Ehrlich also describes toxoids as occurring in diphtheria poison. The toxone, he maintains, is a product of the diphtheria bacillus itself, but the toxoids (protoxoids and syntoxoids) represent the toxin modified without further aid from the bacillus. The toxoids, though not toxic, retain all their avidity for antitoxin. According to Ehrlich’s conception, the molecule of toxin, under the influence of various factors, readily loses its toxic or toxophore group, capable of poisoning the animal, whilst still retaining its haptophore group, the group that combines with the antitoxin. The toxoids then would represent this haptophore group of the diphtheria toxin.
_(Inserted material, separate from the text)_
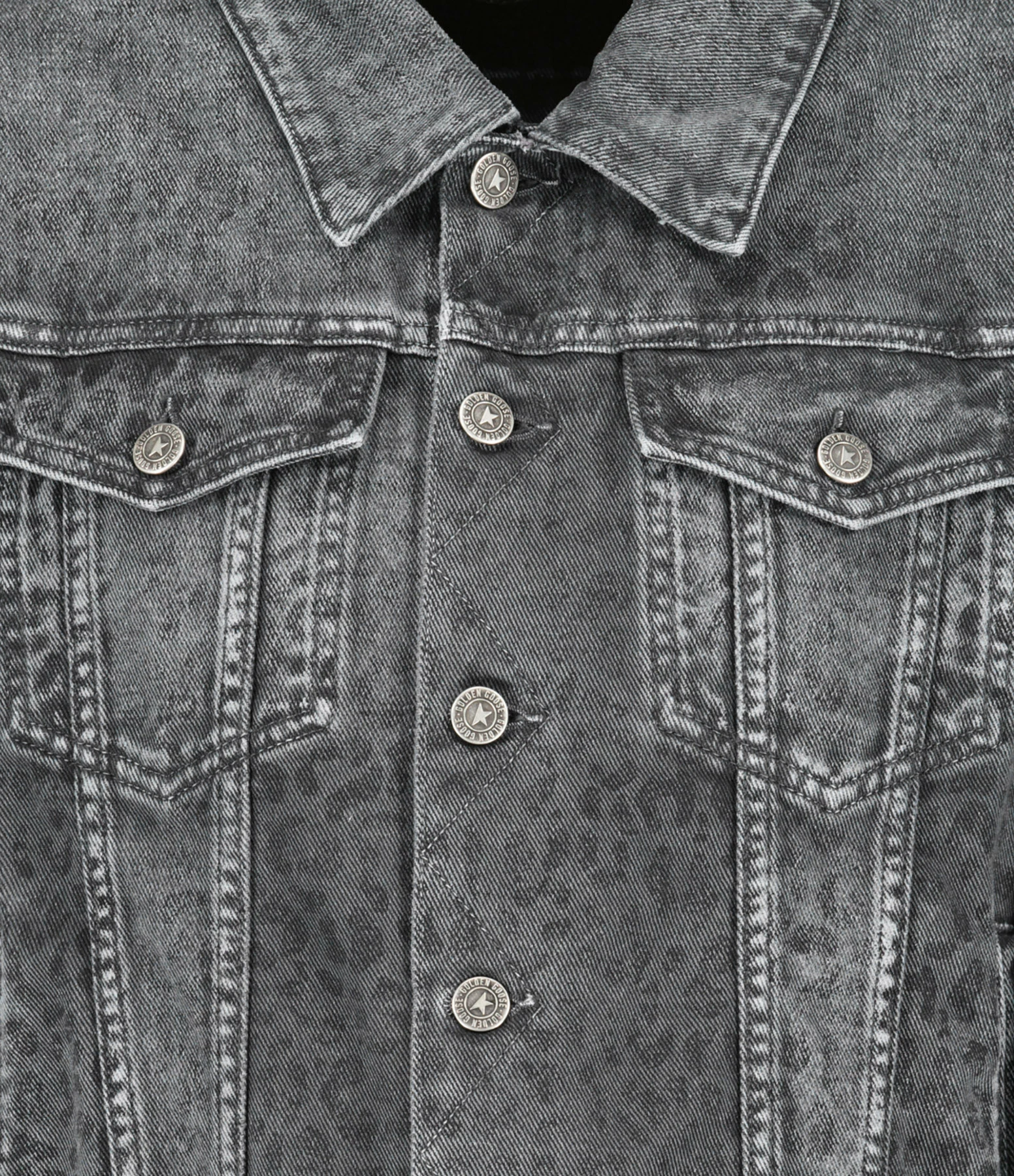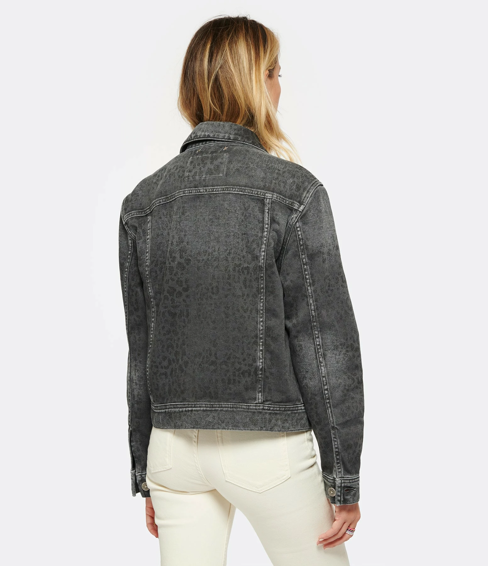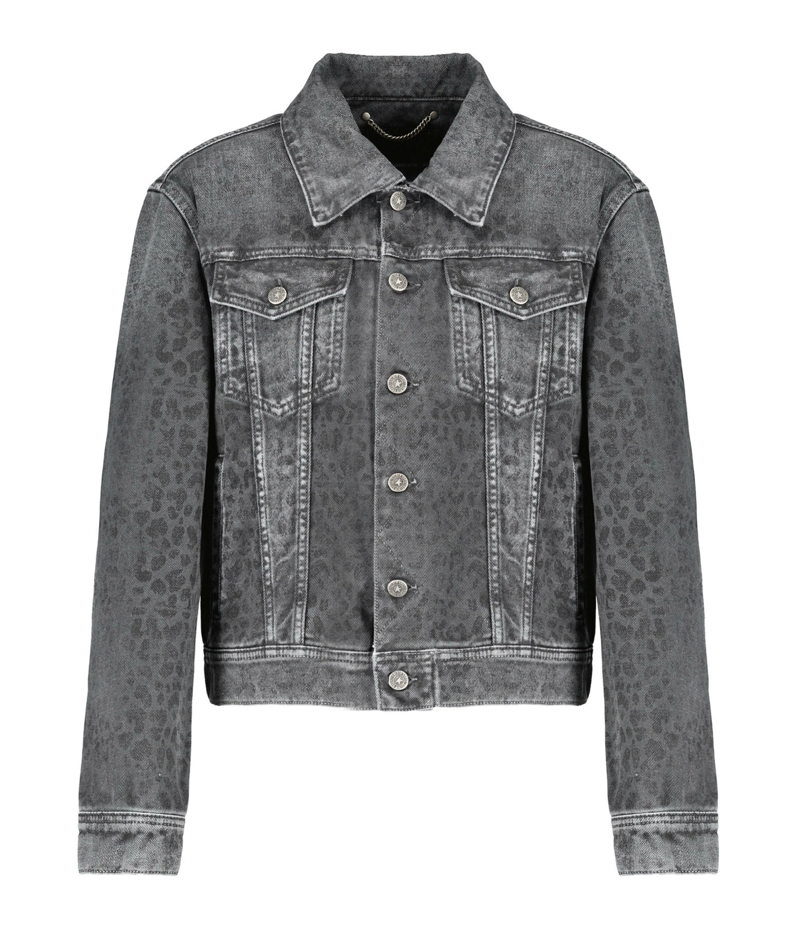 Veste en denim de coton gris à imprimé léopard. Col chemise. Manches longues avec fentes et poignets boutonnés. Fermeture boutonnée sur le devant. Boutons métalliques argentés. Deux poches à rabat boutonné et deux poches passepoilées sur le devant. Double logo étoile en métal bronze dans la nuque. Coupe droite. Base droite.
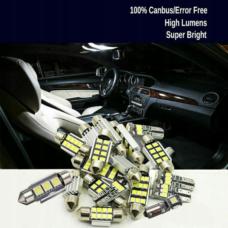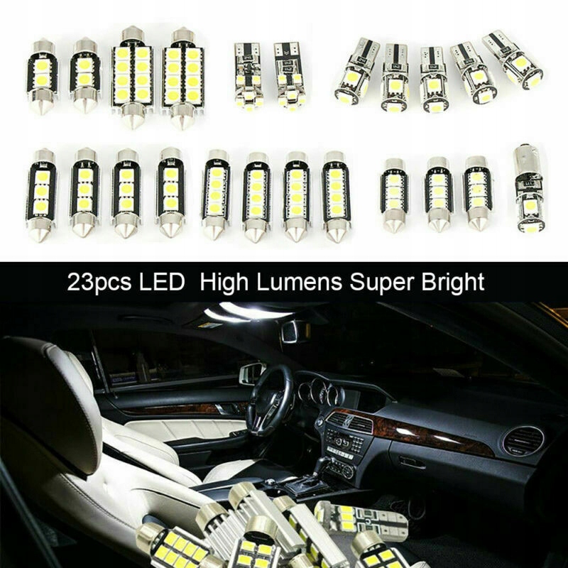 23-частинний набір лампочок для освітлення внутрішніх приміщень світлодіодного автомобіля, багажника, номерних знаків, карт

Without being injurious to animals, the toxoids are capable of neutralising the antitoxin and of setting up in the animal the formation of this antibody. In the experiments carried out by the method of Babes and of the Russian authors we have just mentioned, there would be, according to the view held by Ehrlich and his school, an immunisation by the toxoids.

The toxones, however, are also capable of vaccinating against the toxin and the toxone and of giving rise to the production of a diphtheria antitoxin, active against these two poisons. This is what is affirmed by Madsen^[546] and by Dreyer^[547], according to a communication made by the latter to the International Congress of Medicine held at Paris.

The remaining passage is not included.